• WHAT TO PRODUCE: Reproduce the lines below exactly, from the one containing "Zamykana Szkatułka - Gorjuss" through the one containing "Entretanto, el modelo", both included. Leave out any pictures.
(DATA)
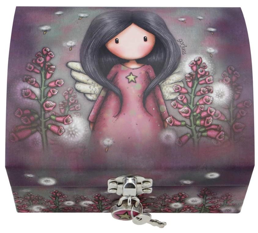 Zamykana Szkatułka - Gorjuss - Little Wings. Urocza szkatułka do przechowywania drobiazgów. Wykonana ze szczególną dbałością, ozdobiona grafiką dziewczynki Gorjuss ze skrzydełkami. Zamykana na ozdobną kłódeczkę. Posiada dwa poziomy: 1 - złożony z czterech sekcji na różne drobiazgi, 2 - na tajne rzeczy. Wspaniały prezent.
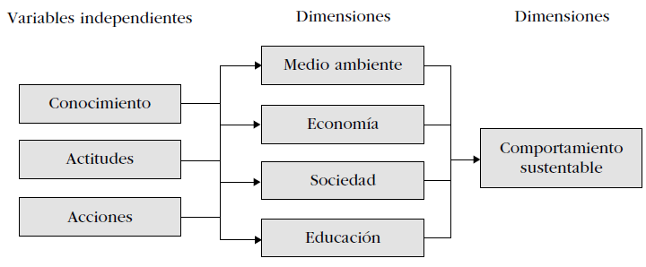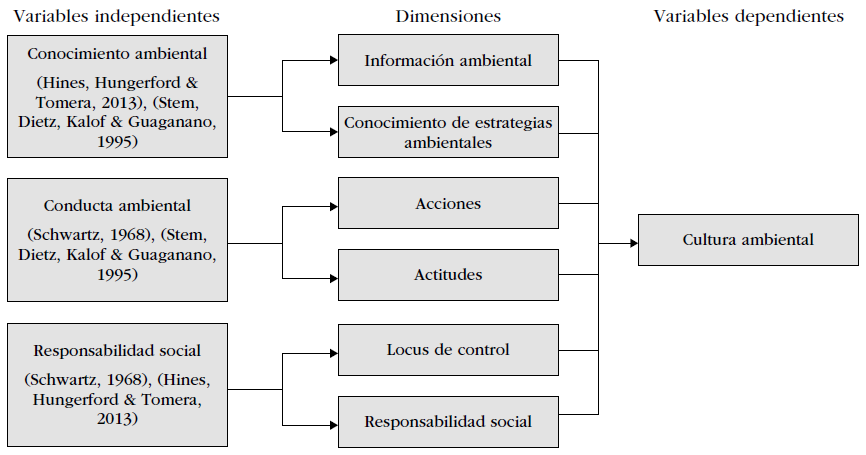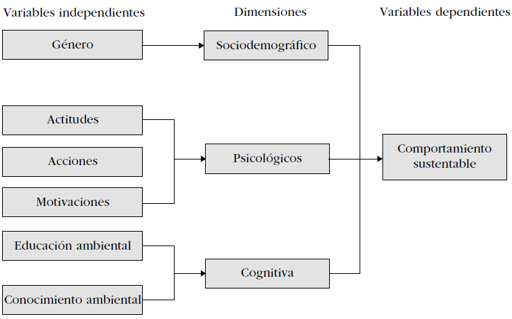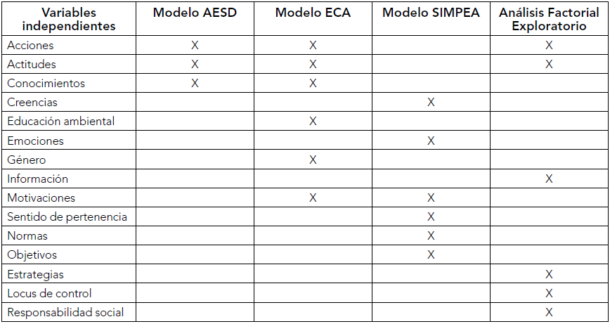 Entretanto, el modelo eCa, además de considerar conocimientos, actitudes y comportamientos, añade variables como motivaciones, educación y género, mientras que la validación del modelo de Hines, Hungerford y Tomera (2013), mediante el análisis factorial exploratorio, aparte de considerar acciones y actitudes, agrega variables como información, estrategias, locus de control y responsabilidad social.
(End DATA)
(DATA)
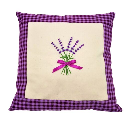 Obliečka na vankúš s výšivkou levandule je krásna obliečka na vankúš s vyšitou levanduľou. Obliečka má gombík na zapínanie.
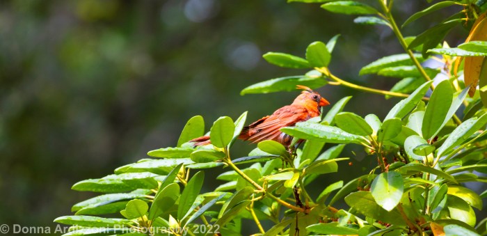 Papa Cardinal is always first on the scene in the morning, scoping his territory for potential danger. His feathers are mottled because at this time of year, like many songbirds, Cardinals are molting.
(End DATA)
• FINISHED EXERCISE:
 Zamykana Szkatułka - Gorjuss - Little Wings. Urocza szkatułka do przechowywania drobiazgów. Wykonana ze szczególną dbałością, ozdobiona grafiką dziewczynki Gorjuss ze skrzydełkami. Zamykana na ozdobną kłódeczkę. Posiada dwa poziomy: 1 - złożony z czterech sekcji na różne drobiazgi, 2 - na tajne rzeczy. Wspaniały prezent.
 Entretanto, el modelo eCa, además de considerar conocimientos, actitudes y comportamientos, añade variables como motivaciones, educación y género, mientras que la validación del modelo de Hines, Hungerford y Tomera (2013), mediante el análisis factorial exploratorio, aparte de considerar acciones y actitudes, agrega variables como información, estrategias, locus de control y responsabilidad social.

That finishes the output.